ITEM 3. INCORPORATION OF DOCUMENTS BY REFERENCE.

There are hereby incorporated by reference in this Registration Statement the
following documents and information heretofore filed by Intelligent Systems
Corporation (the "Company") with the Securities and Exchange Commission:

a.       The Company's Annual Report on Form 10-K for the year ended December
31, 2000;

b.       All other reports filed pursuant to Sections 13, 14 or 15(d) of the
Securities Exchange Act of 1934, as amended (the "Exchange Act of 1934") since
December 31, 2000; and

c.       The description of the Company's Common Stock contained in the
Company's Registration Statement on Form 8-B filed November 15, 1991, pursuant
to Section 12 of the Exchange Act of 1934, as amended by various reports and
other documents filed pursuant to the Exchange Act of 1934.

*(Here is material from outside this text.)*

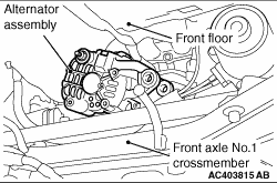 Remove the alternator assembly from between the front floor and the front axle No.1 crossmember.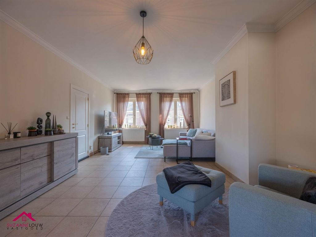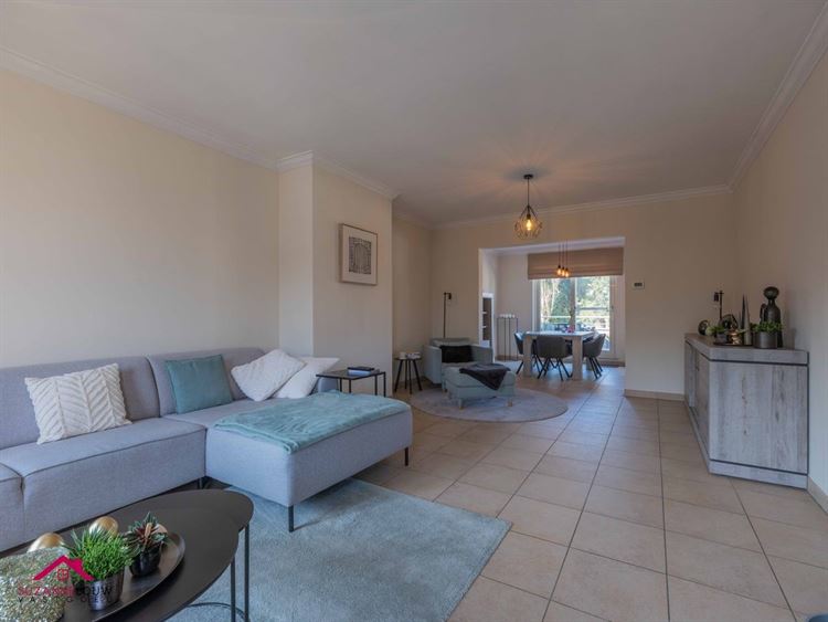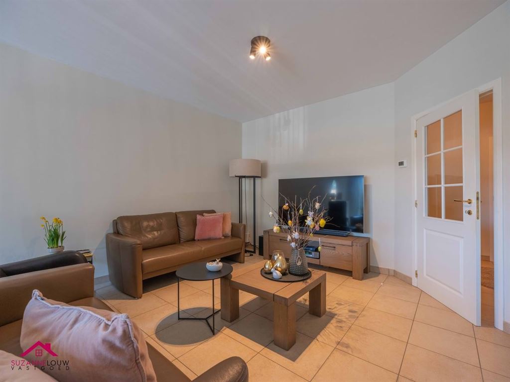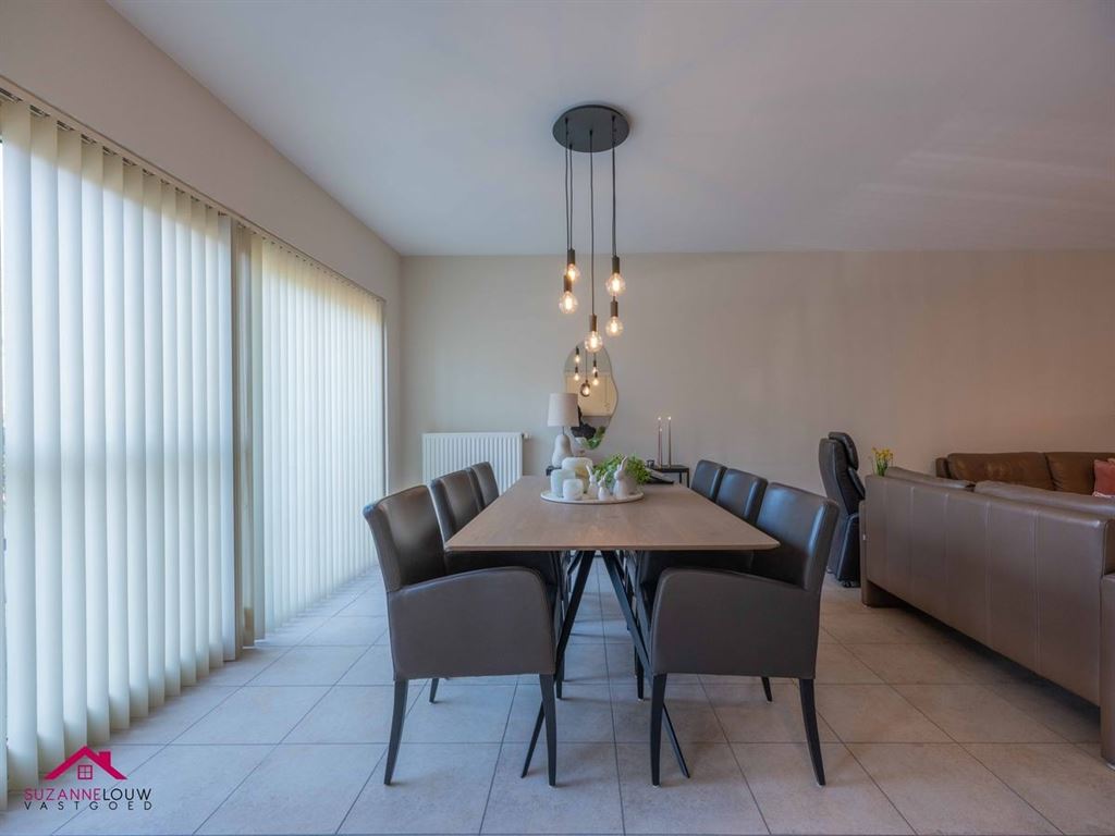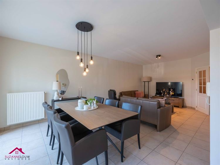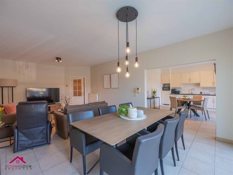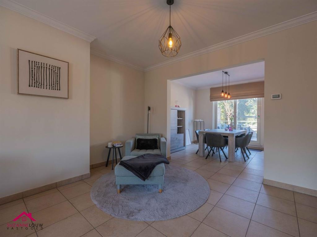 - Gezellige leefruimte met voldoende plaats voor het inrichten van een zit- en eethoek. Veel lichtinval dankzij de grote raampartij aan de achterzijde, dewelke uitgeeft op het terras. Directe toegang tot de keuken.

All documents filed by the Company pursuant to Sections 13, 14 and 15(d) of the
Exchange Act of 1934 after the date of this Registration Statement and prior to
the filing of a post-effective amendment that indicates that all securities
offered have been sold or which deregisters all securities then remaining
unsold, shall be deemed to be incorporated by reference in this Registration
Statement and to be part hereof from the date of filing of such documents.

ITEM 4. DESCRIPTION OF SECURITIES.

Not applicable.

ITEM 5. INTERESTS OF NAMED EXPERTS AND COUNSEL.

Not applicable.

ITEM 6. INDEMNIFICATION OF DIRECTORS AND OFFICERS.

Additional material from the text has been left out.